Bring in and extract the data
In this section, you will bring in the machine data from the application stack into the repository. Refer to Part 1: Speeding up machine data analysis for more information on the applications and their logs.
Prepared batches of logs from the application stack are provided in the Download section.
Perform the following steps.
- From the Download section, download data_and_config.zip and unzip it.
- Copy data/input_batches to a machine on your
BigInsights cluster. For this tutorial, you will use the location
/opt/ibm/input_batches. You can always change it to another
preferred location. Notice the directory structure containing the
batches. Input_batches contains the following three batches
that represent the three layers of application stack.
- Batch_webaccess – Containing logs from the web access layer.
- Batch_was – Containing logs from the WebSphere application.
- Batch_oradb – Containing logs from the Oracle database layer.

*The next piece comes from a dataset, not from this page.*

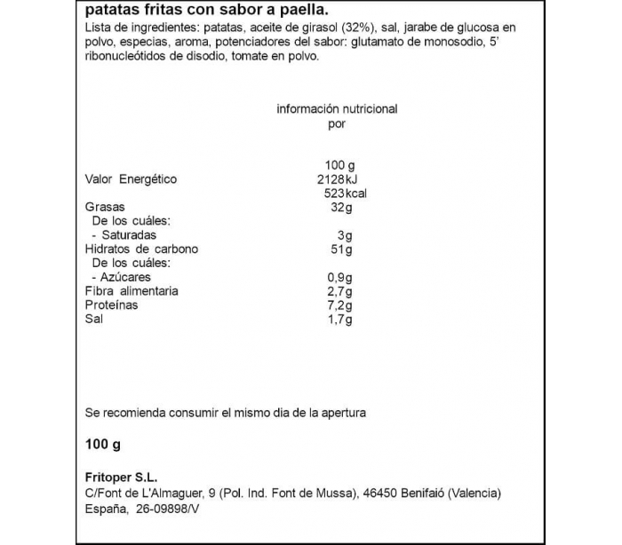 PAPAS FRITAS PAPEO TERRETA FRITOS PEREZ 100 GR.
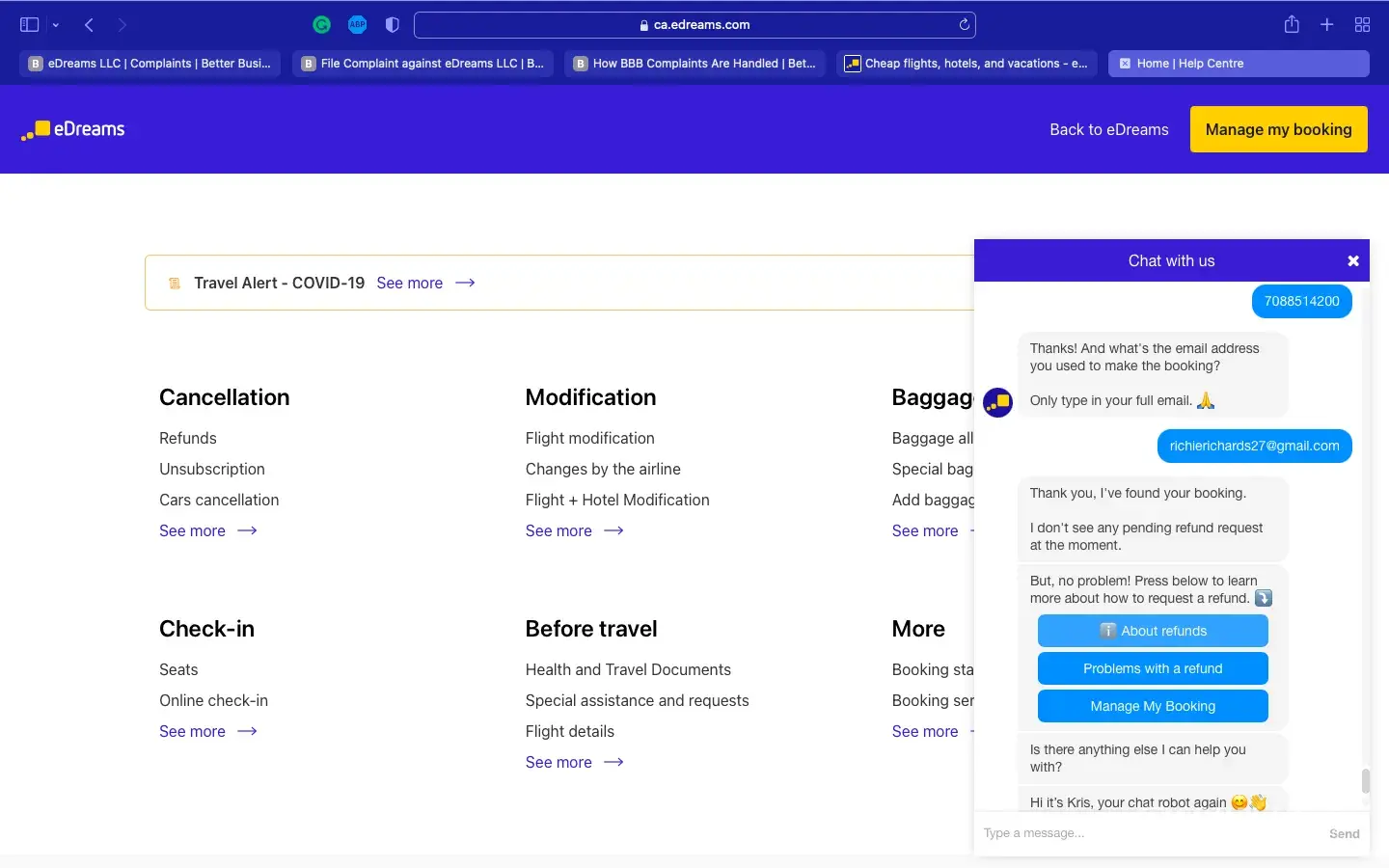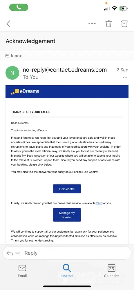 14 October received email from [protected]@contact. edreams.com : "Thanks for contacting eDreams… ask for your patiences while we manage this unprecedented situation"

- You will use the Import-Extract application chain to
perform the Import and Extraction steps in one shot. Since the
Import application uses Distributed Copy application, first ensure
that Distributed Copy application is deployed.
- From the BigInsights console, click the Applications tab and select the Manage link.
- In the edit box, type Distributed. You will notice the Distributed File Copy application is found and listed under Applications.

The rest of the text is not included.